Kite looked speculatively at the bottle in her hand, and the table from which it had evidently leapt from under its own power. Or, presumably, hers. Then shrugged, and took a long pull of the tea. "Make that two pieces of good news."

(As written by Kite Winters)


“Yeah Yeah, I know look Will you just give me...Ok just Give me the damned Camera!”

The shaky image settles down, it appears to be handy cam in the grips of a trooper in the newly christened Psi lab.

“Shoo” The camera shakes as the figure holding it waves a hand at one of the med techs, who begrudgingly steps back out of frame.

The camera angles up and the face of Trooper Hawley, his partially shaved head hidden under a Ball cap.

“So, um...for the moment the techs aren't allowing me anything pointy until the last of the scans come back, so I'm giving my report on film...well...on digital recording...damn does anyone here remember film cameras? Betamax? Anyone? Bueller?”

The trooper looks out of frame and smiles “Thank you Doctor, now I don't feel like quite the only dinosaur in the room.” There is a hrmnph from out of frame. Kip just sticks his tongue out at the unseen figure before turning back to the camera.

“So, big news today for the Psi lab....and for myself. Seems whom ever marked my, shall we say...colorful..service history and other events on my records as something of a statistic improbability for collateral damage was on to something here. Using the neurological studies done on the psionically active...OK, that phrase is still weird to say...do we have a TLA for that...you Know..Three Letter Abbreviation? Sorry...old military joke there doc”

“Anyway..they've done a rather rigorous comparison of neurological structures and brainwave patterns between the aliens with the mind mojo found some parallels with humans. Well...With Me so far, the docs haven't told me how the others they've probed turned out so far. All Hush Hush.”

“So, with a little experimentation on amplifying and directing this energy we can shift it from me to others. Lets go to the High Light Reel Shall we?”

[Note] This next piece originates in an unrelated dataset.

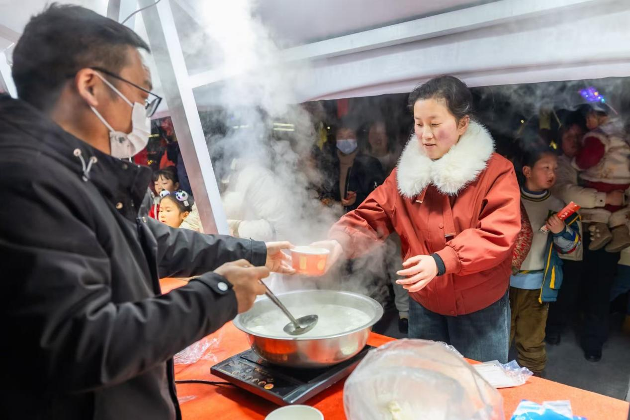 同步开展的趣味猜灯谜环节,数百条涵盖民俗常识、成语典故的灯谜悬挂于红灯笼下,业主们驻足思索、相互探讨,在益智互动中体悟传统文化乐趣,答对者可获得精美小礼品,现场气氛热烈有序。特色小吃品鉴区精心准备了汤圆、麻辣烫等风味美食,香气四溢,让业主们在味蕾享受中感受节日的团圆暖意,邻里间互道祝福、共话家常,欢声笑语弥漫在社区各个角落。

The video snaps from the shaken camera image to a more professional split screen, on the left is The subject with a serieso of Conteact electrodes covering his skull sitting next to a one way mirror. On the right an over head view of several staff, enjoying some recreational board games. Names and Ranks stream under each 'player', listing off doctors, pilots and marksmen. Indivuals known for therir hand eye co-ordination and coolness under pressure. With a nod the Subject seems to focus on one of the figures in the room...One of the medical techs that was flawlessly enjoying a game of Operation is then highlighted.

Btzz “No Way I wasn't anywhere near the-” Btzzzzz “Grrrrr” BTZZZZZZZZZZZZ “*&^%ing Game!”

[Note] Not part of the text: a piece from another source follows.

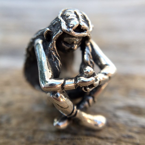 Ohm Beads has made a bead that is available exclusively at Perlen.  She is a sweet little elf who is looking intently at her bead and is called My Precious. I really like her pointy ears and the way her legs are folded up. She appears to be deep in thought as she looks at her bead.

The video skips for a moment...now showing the test subject standing on his side, fewer but more complex devices arranged around his head as he loosens up the muscles in his neck. In the other room is a Alien Test Subject, Orc class. The time stamp reads several days later.

The alien is it's usual aggressive self, but after a moment deviates from its usual actions to freeze in place...looking around as if searching for something. The window showing Trooper Hawley's face shows sweat beading his features as the nose from the other room goes from confused grunts to squeals of panic and the alien tries to claw its way out of the bulk heads...the camera in that room is knocked drunkenly down as the alien attempts to flee....gun fire is heard and the scene snaps to black.

The Video switches back to the handi cam view of the Test Subject Trooper Hawley.

“Fun times I know right?” The jest is made lightly but the face shows some strain. “Near as I can tell I seem to be able to send out a bit of mental static that can screw up others. The light touch of it seems to just irritate and frustrate others under lab conditions, and boy I know I've felt that often enough...but pushing it with all way with the hardware we have seemed to lead to panic and involuntary muscle twitches. Seems to be purely mental...I'm not going to go breaking the bank at Vegas reading minds and changing dice with a wave of my hand, not yet at least. But it's a good starting point with actually sending discrete signals. Maybe even figure out how they give orders to their grunts”

“Well thats all the time I've got before they throw me in the pod again for another round of Pin the Tail on the Amigdala” He says with a forced laugh.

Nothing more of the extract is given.